I tend to agree with the gist of what he said. I think that the whole inerrancy/infallibility debate came about because of the Enlightenment and postmodern attacks on the Bible. It really isn't that difficult to show. The 16, 17th, 18th centurries...they all changed the way man thought about the world, and subsequently, affected the church. It was a revolutonary way of thinking, and of course, it would affect the way people look at the Bible. No longer did science become the tool to discover the world God made, but it has now become the tool by which every line must curve to. No longer is rational thinking a tool, but instead, everything must conform to this thing called reason. Heh, that's always a good one. "Reason," as if it's self-evident what it means. Anyone who has a smattering of the history of philosophy knows that's a whopper. Ranks up there with "Clinton was the most ethical president in history."

The whole thing on inerrancy falls on what authority one chooses to follow. If some people find an archaelogoical discovery that seems to go against what the Bible says, many people pounce on it to show that the Bible is wrong. The problem is, who's to say that find is correct. Perhap it relates to something else, or something mistaken. They make the claims about science being antithetical, and disproving the Bible, but of course, that's all based on a naturalistic view of the earth that doesn't allow for supernatural evets. Hence, why the Bible's claims about the miracles must be discarded and everything; but that does not mean that they did not happen. If God does exist, then perhaps it is possible that the miracles really did happen? He is a subernatural, transcendent being, and he is not limited to his creation. In this case, then, if one disallows that anything beyond naturalism is possible, is it any wonder that one will find a "scientific contradiction" in the Bible?

Now, one thing should be said. There is a necessary inerrancy that the Bible possesses. Whatever the Bible does teach, it does so inerrantly. THis is an epistemological necessity for certainty. Consider, if the Bible erred at any point, then there would be no reason to trust other parts. Anything could be wrong. That's why I appreciate Wright's remarks when he said, "I really think that if it's in [the Bible], I need to be doing some serious business with it. If I say that I believe X but the Bible says Y which is much different, then chances are I'm making a mistake somewhere. There are many, many issues where I say I am committed to believing this text whenever I figure out what on earth it is supposed to mean, which at the moment I don't think I know." I don't see this as denying inerrancy; I rather see it as someone committed to his presuppositions and wants to explore more about them. It is an ancient text with a culture that is dramatically different than ours (for instance, "striking the hands" does not mean giving each other a high-5.) Some of the parts of the text will be difficult to understand, but that is why God gave the church her leaders: to help us to learn and understand the glory of God's word.
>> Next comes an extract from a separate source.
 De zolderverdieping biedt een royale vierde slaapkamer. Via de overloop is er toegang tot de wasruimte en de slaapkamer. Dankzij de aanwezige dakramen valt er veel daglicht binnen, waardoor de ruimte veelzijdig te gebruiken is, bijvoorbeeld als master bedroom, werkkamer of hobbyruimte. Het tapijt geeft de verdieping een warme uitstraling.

Just some thoughts....coherent? eh, who knows.

Monday, December 15, 2003


I was listening to a lecture by the Rev. Steve Wilkins not too long ago. He brought up an interesting point: if Saddam Hussein had the capacity to rain bombs on Washington as the U.S. did on Baghdad, would we have attacked? Or would we rather have negotiated with him, and called him a partner in peace?
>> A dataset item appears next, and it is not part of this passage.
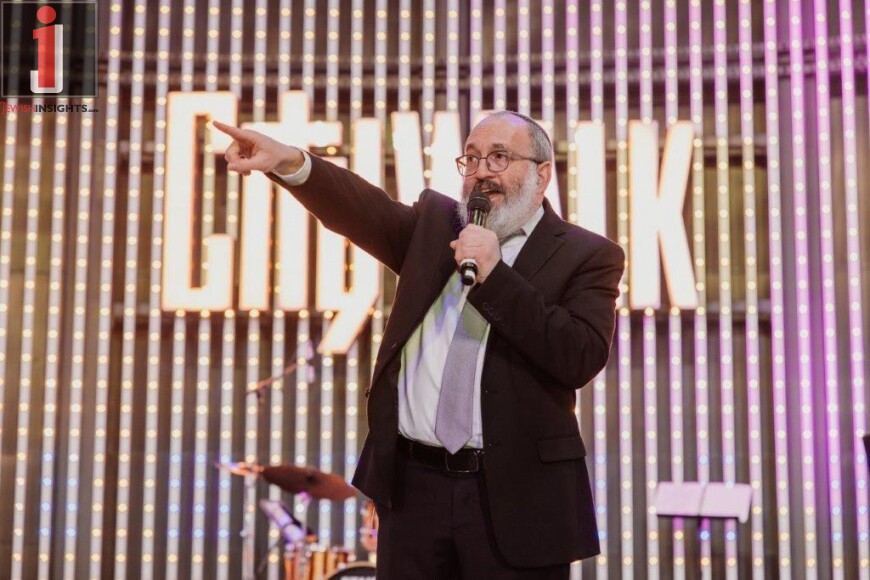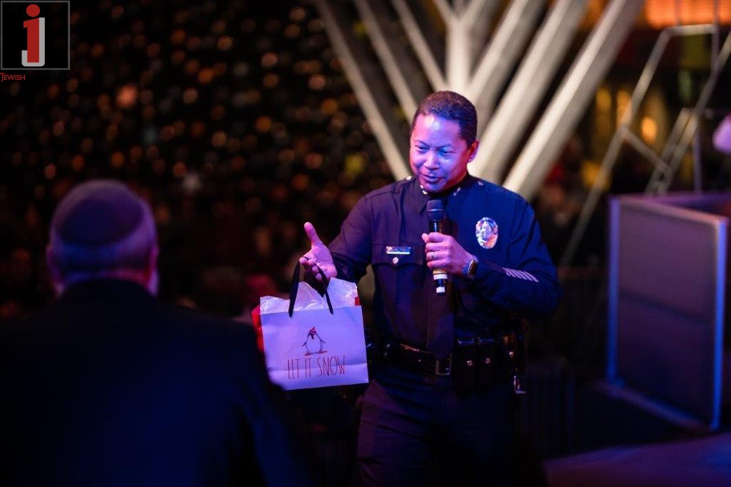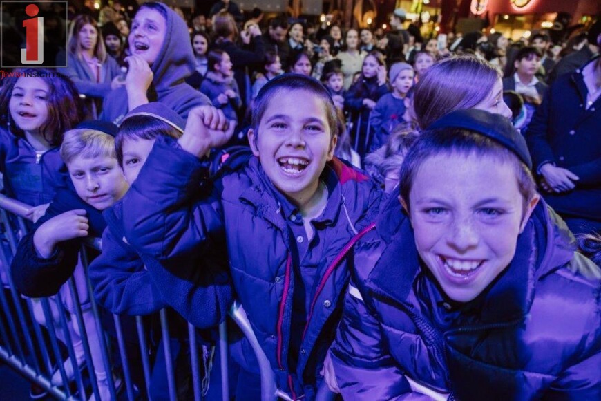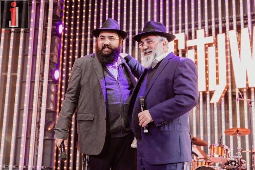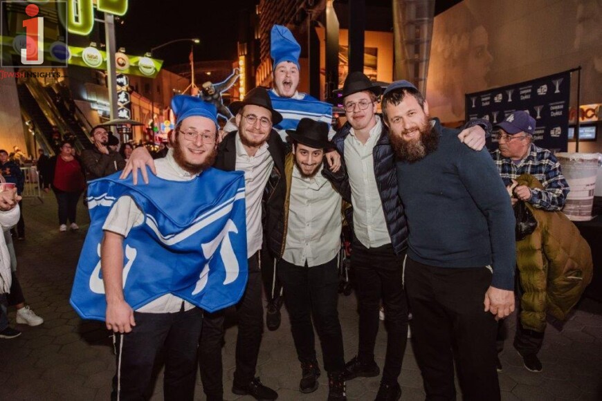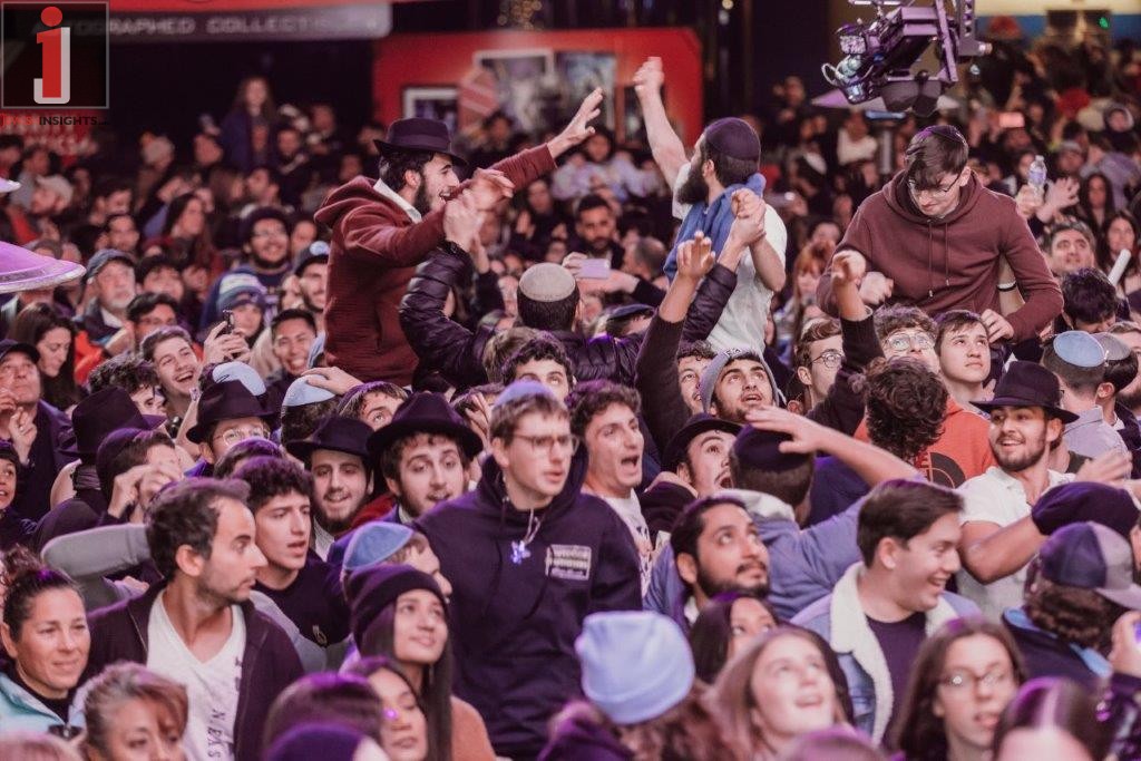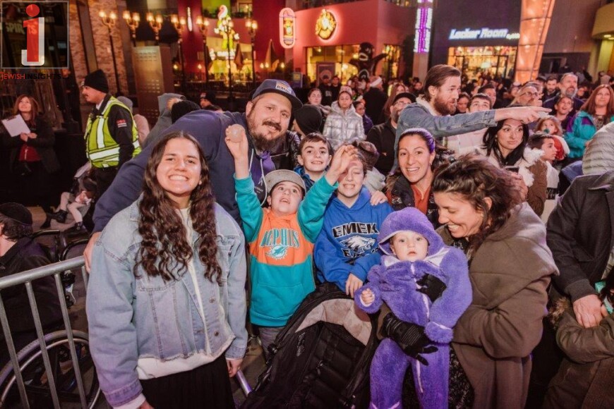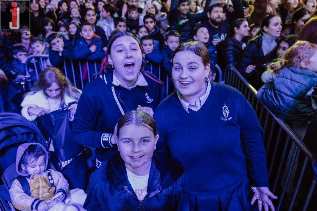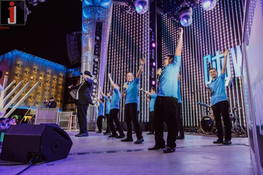 The giant stadium-sized screen was a focal point all evening, showcasing all the live onstage entertainment along with video footage displaying the far reach and impact that the Lubavitcher Rebbe and the Chabad Lubavitch movement has had throughout the world, with Shluchim bringing the positive message and the light of Chanukah to 1000 cities across the globe.

Maybe that's why we're not directly engaging with North Korea. Something about making Honolulu glow in the dark, or causing the people of Seattle to go from 98 to 1,000,000 degrees in a split second...I dunno.

Friday, December 12, 2003


The quarter's finally done. Turned in two final term papers, and for the next three weeks, I'm off. Just have to worry about work. So I'll be back to blogging, maybe later tonight.